After logging in AliEn user on the Local Site executes /bin/somecommand. This, in reality is Lfn://bin/somecommand (so somecommand is an already registered executable file), in other words just a request for a file. First we ha ve to find the file in the SE where it's strored, then deliver to the CE where it'll be executed. Since file transfer was already discussed, here only the steps of scheduling are mentioned.

Invocation of /bin/somecommand.
Submitted job is inserted to the global Task Queue with Job Status SUBMITTED.

The Broker in CPUServer always checking for SUBMITTED jobs finds the new one.
Makes a request to IS for a Site where it should be executed.
Getting CE from IS.
Now the Job Status can be changed to WAITING.
Every Site is periodically checking for jobs submitted to be executed on their Cluster. When they find one for them, they just pick it up, and get the corresponding files.
The Remote Computing Element, which can contatct its Local Queue submbits the job. (So it's running with the username and rights of the AliEn production user, who installed the system there).

Summary
1. The present system

The present AliEn framework consists 13 clusters in 9 sites distributed world-wide, including sites from CERN (Switzerland), CCIN2P3 (France), LBL (USA), Bari, Catania, Padova, Torino (Italy), OSC, NIKHEF (The Netherlands).

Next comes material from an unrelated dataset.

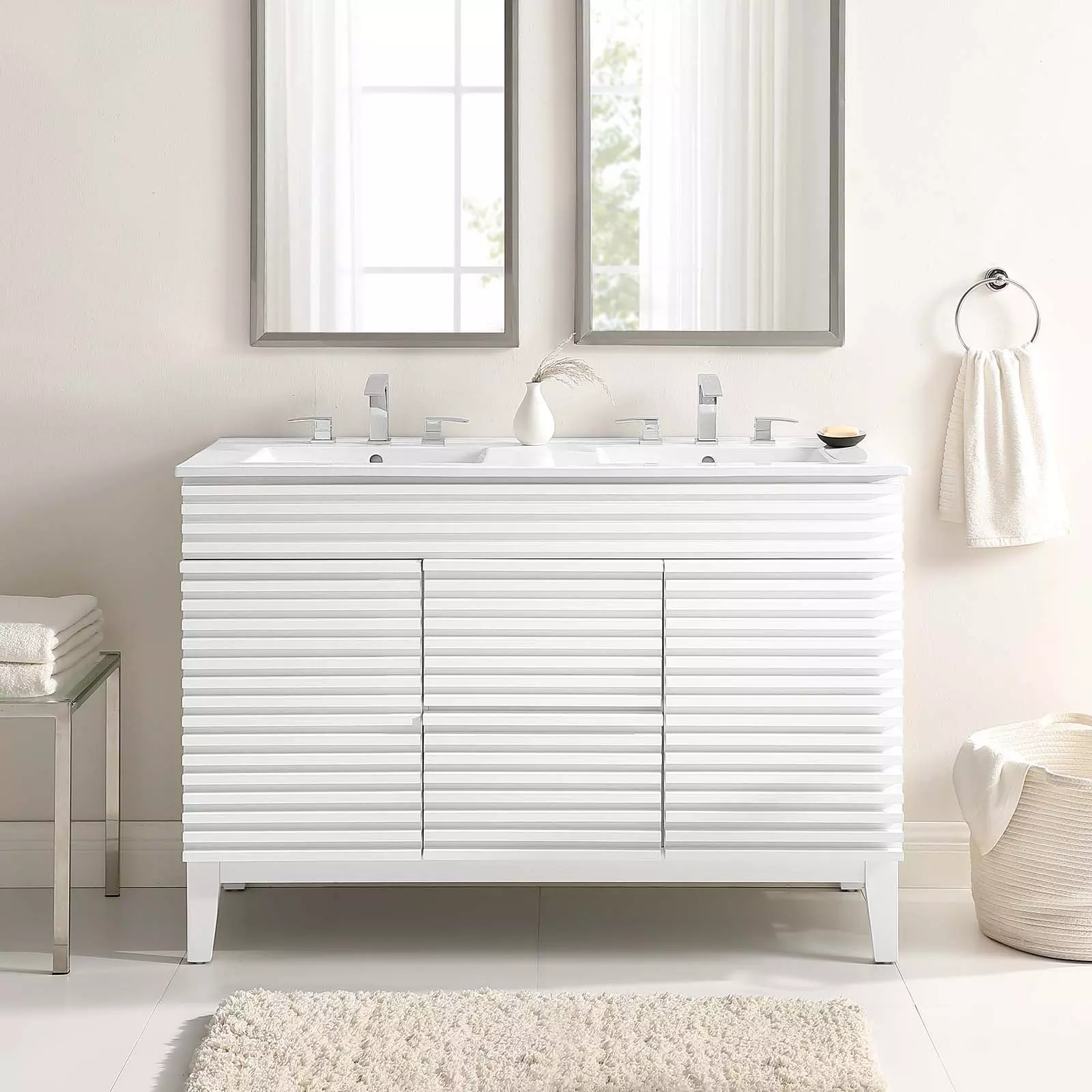 Clean lines and crisp design align for an edgy style designed to meet your needs. Boasting a mid-century modern style this vanity features a solid construction with a pleasing look and practical functionality.

In 2001 this collaboration ran a data-challenge corresponding to 10⁵ CPU hours and up to 300 concurrently running jobs. During this five weeks test period 5682 events were validated of which 118 has failed (2%). These jobs have generated 5TB data at the sites with mass storage capability (CERN 73%, CCIN2P3 14%, LBL 14%, OSC 1%).

Since this data-challenge the new collaborators started the installation in GSI-Darmstadt, Karlsruhe (Germany), Dubna (Russia), Nantes (France), Zagreb (Croatia), Birmingham (UK), Calcutta (India) and Budapest (Hungary).

Hungarian participation

The Hungarian participation is based on the DemoGRID project. The basic aim of the DemoGRID project is to investigate the existing and planned realizations of the grid-like environments. This is a rapidly evolving field. At the moment one doesn't know whether exists an all-embracing universal grid framework, which is optimal for each type of applications. Some participants of the DemoGRID project are basic research oriented and it is not guaranteed that the commercial systems will satisfy their needs. The AliEn framework provides an ideal testing ground for them, because it is tailored to this specific application domain.

The Hungarian participants want to provide similar computing resources to the other international participants. KFKI/RMKI will install a 1 TB storage system and ELTE makes available its computer cluster consisting of 25 PCs.

The Hungarian participants will also investigate the installation and administration processes of this previously RedHat Linux distribution oriented framework in a Debian environment.

Future plans

The next step is to repeat the previous data-challenge in a five times larger scale:

Up to 1000 concurrently running jobs.
One month of sustained production.
25 TB storage world-wide.

The essence of this challenge is to produce data for real physics applications.